▶ _Dataset content_
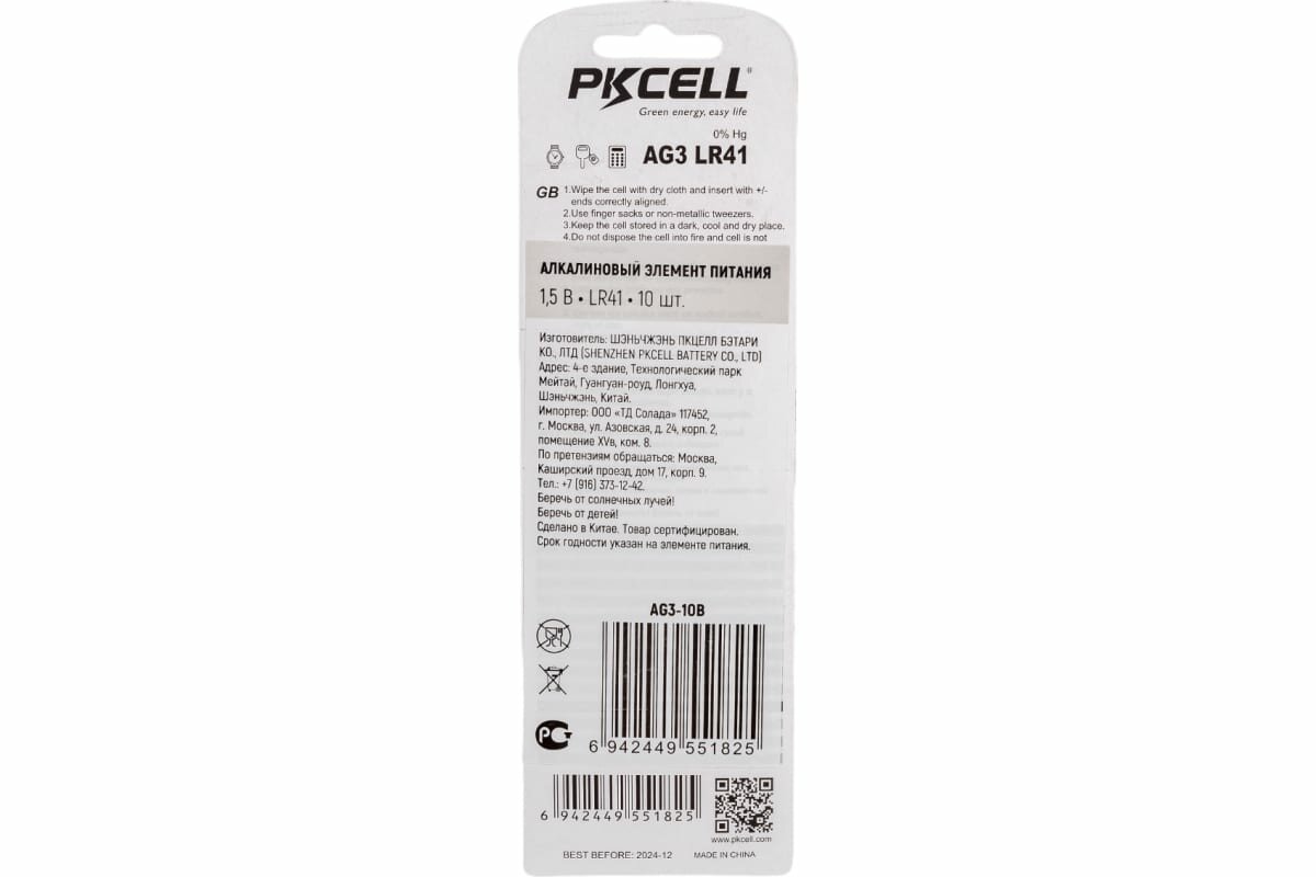 Pkcell LR41/AG3 AG3-10B (10 штук)
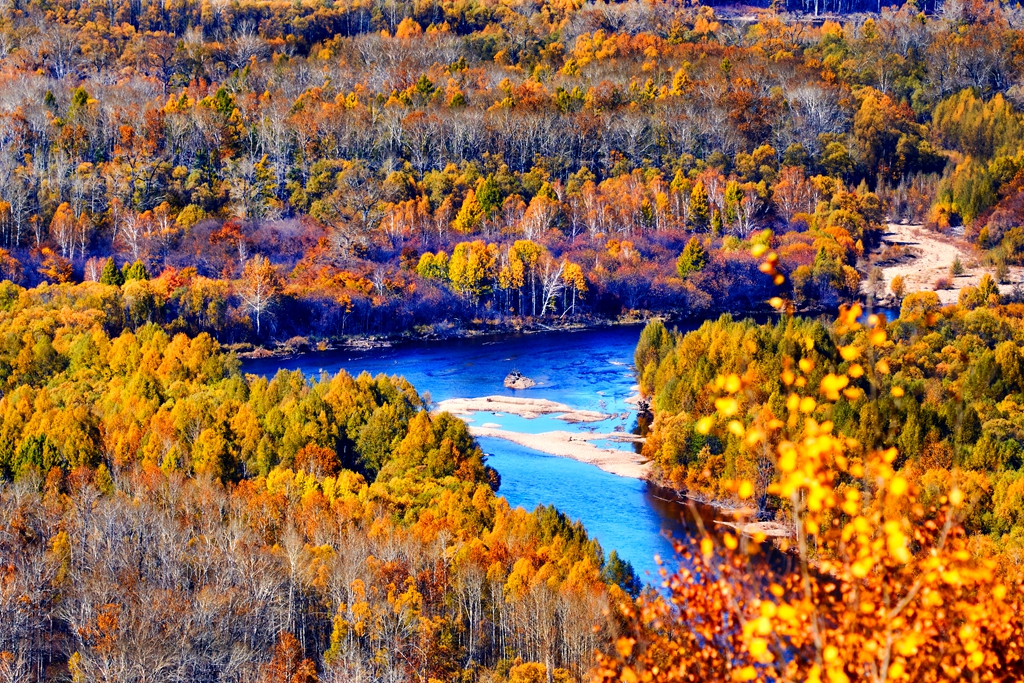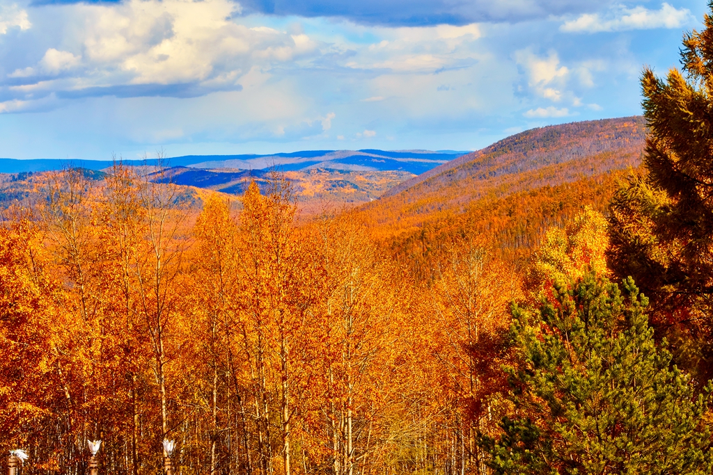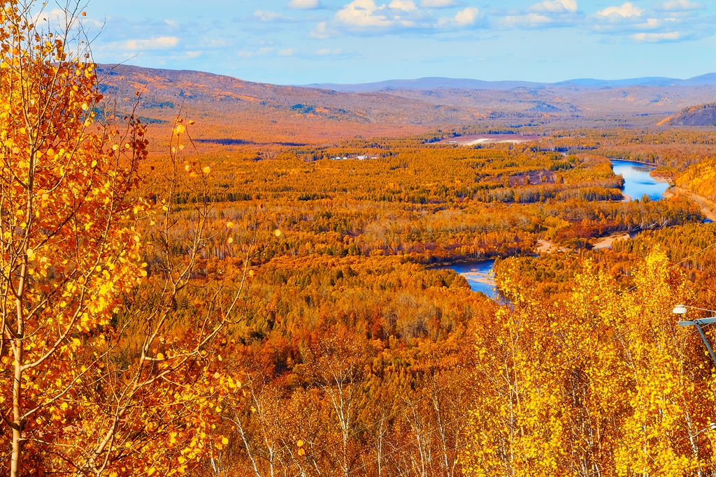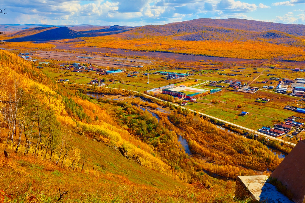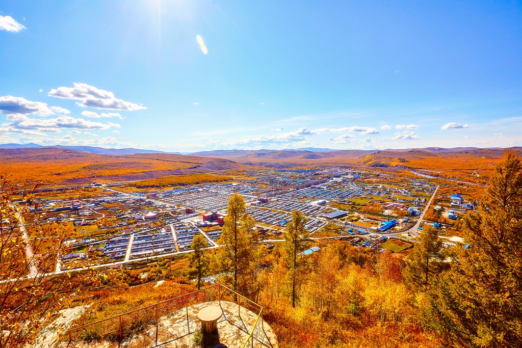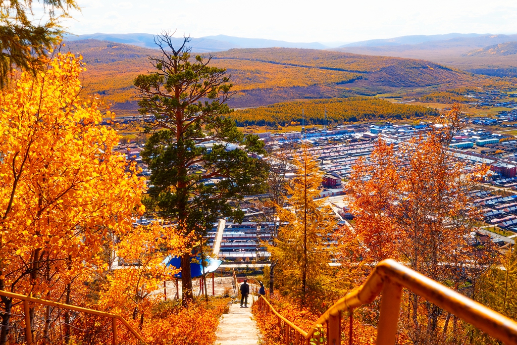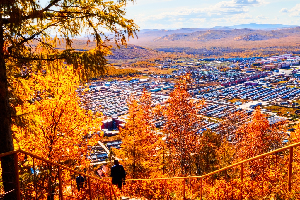 进入满归后就见到了凝翠山,老伴感到亲切。当年部队搬迁,到达满归正值夏至前后。部队搬迁事情很多,每天很忙很累。老伴还是放弃休息坐到凝翠山的山坡上,看到了满归的不夜天。现在凝翠山南坡修了栈道,北坡有公路可上山。小张把车一直开到了山顶上,山顶上建有满归电视台。有一处观景楼,站在上面,满归全景尽收眼底。浓郁的秋色中,烂漫旖旎。南坡建有可徒步上山的栈道,小张带领我下到一个平台上看了看。
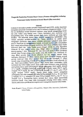 Pengaruh pemberian perasan daun cincau (Premna Oblongifia) terhadap penurunan kolesterol darah mencit (Mus Musculus)
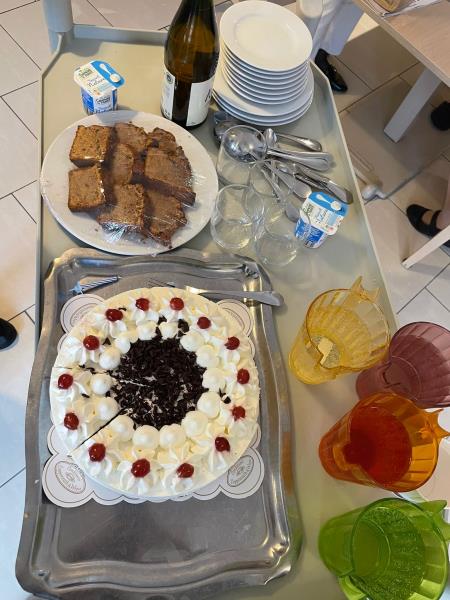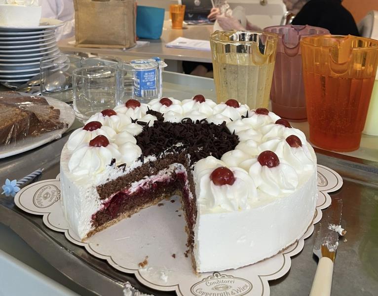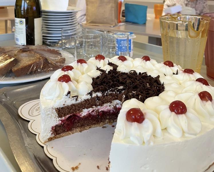 L’après-midi, c’est le moment fort : le résident du jour souffle sa bougie sur une jolie forêt noire. Les autres résidents et le personnel se rassemblent pour chanter, échanger quelques mots, rire et partager un morceau du gâteau dans une ambiance conviviale et bienveillante.

▶ _What the task requires_
Please copy the data shown above word for word, omitting the pictures.

▶ _Answer to this task_
 Pkcell LR41/AG3 AG3-10B (10 штук)
 进入满归后就见到了凝翠山,老伴感到亲切。当年部队搬迁,到达满归正值夏至前后。部队搬迁事情很多,每天很忙很累。老伴还是放弃休息坐到凝翠山的山坡上,看到了满归的不夜天。现在凝翠山南坡修了栈道,北坡有公路可上山。小张把车一直开到了山顶上,山顶上建有满归电视台。有一处观景楼,站在上面,满归全景尽收眼底。浓郁的秋色中,烂漫旖旎。南坡建有可徒步上山的栈道,小张带领我下到一个平台上看了看。
 Pengaruh pemberian perasan daun cincau (Premna Oblongifia) terhadap penurunan kolesterol darah mencit (Mus Musculus)
 L’après-midi, c’est le moment fort : le résident du jour souffle sa bougie sur une jolie forêt noire. Les autres résidents et le personnel se rassemblent pour chanter, échanger quelques mots, rire et partager un morceau du gâteau dans une ambiance conviviale et bienveillante.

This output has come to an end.